Your assignment
Transcribe the listing exactly, so that nothing but the pictures is missing.

Given data
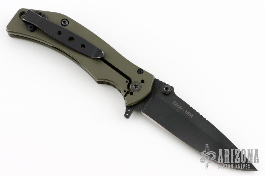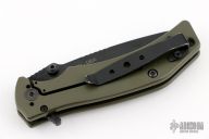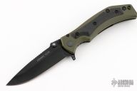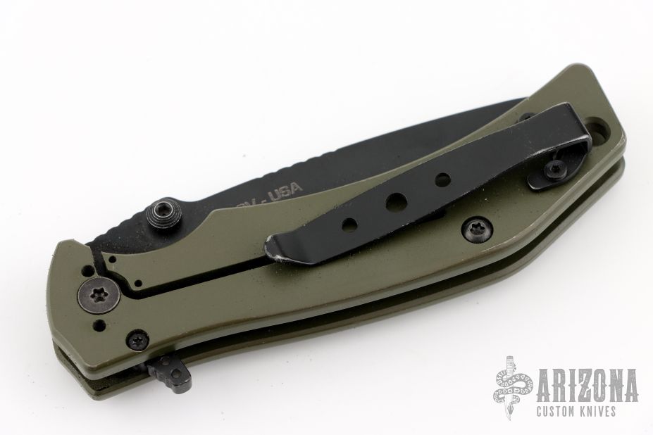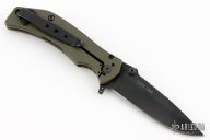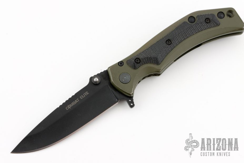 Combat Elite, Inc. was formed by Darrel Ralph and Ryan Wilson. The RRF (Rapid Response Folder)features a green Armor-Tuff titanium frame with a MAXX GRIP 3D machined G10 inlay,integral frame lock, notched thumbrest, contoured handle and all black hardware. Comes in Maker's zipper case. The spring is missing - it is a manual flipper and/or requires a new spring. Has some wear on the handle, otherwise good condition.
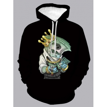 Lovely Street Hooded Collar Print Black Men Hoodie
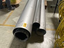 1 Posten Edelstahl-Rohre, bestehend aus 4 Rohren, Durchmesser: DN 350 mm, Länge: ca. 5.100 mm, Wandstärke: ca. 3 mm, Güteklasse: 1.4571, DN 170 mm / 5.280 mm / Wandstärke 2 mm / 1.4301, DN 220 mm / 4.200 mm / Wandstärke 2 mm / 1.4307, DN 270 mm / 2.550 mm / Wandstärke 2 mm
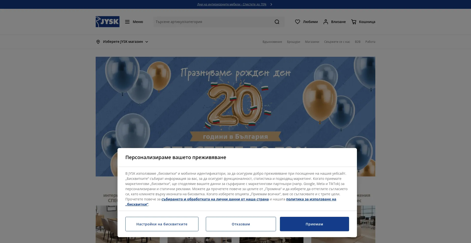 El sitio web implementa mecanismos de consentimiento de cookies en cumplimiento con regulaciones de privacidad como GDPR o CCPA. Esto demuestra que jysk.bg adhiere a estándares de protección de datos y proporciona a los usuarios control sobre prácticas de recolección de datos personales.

Output
 Combat Elite, Inc. was formed by Darrel Ralph and Ryan Wilson. The RRF (Rapid Response Folder)features a green Armor-Tuff titanium frame with a MAXX GRIP 3D machined G10 inlay,integral frame lock, notched thumbrest, contoured handle and all black hardware. Comes in Maker's zipper case. The spring is missing - it is a manual flipper and/or requires a new spring. Has some wear on the handle, otherwise good condition.
 Lovely Street Hooded Collar Print Black Men Hoodie
 1 Posten Edelstahl-Rohre, bestehend aus 4 Rohren, Durchmesser: DN 350 mm, Länge: ca. 5.100 mm, Wandstärke: ca. 3 mm, Güteklasse: 1.4571, DN 170 mm / 5.280 mm / Wandstärke 2 mm / 1.4301, DN 220 mm / 4.200 mm / Wandstärke 2 mm / 1.4307, DN 270 mm / 2.550 mm / Wandstärke 2 mm
 El sitio web implementa mecanismos de consentimiento de cookies en cumplimiento con regulaciones de privacidad como GDPR o CCPA. Esto demuestra que jysk.bg adhiere a estándares de protección de datos y proporciona a los usuarios control sobre prácticas de recolección de datos personales.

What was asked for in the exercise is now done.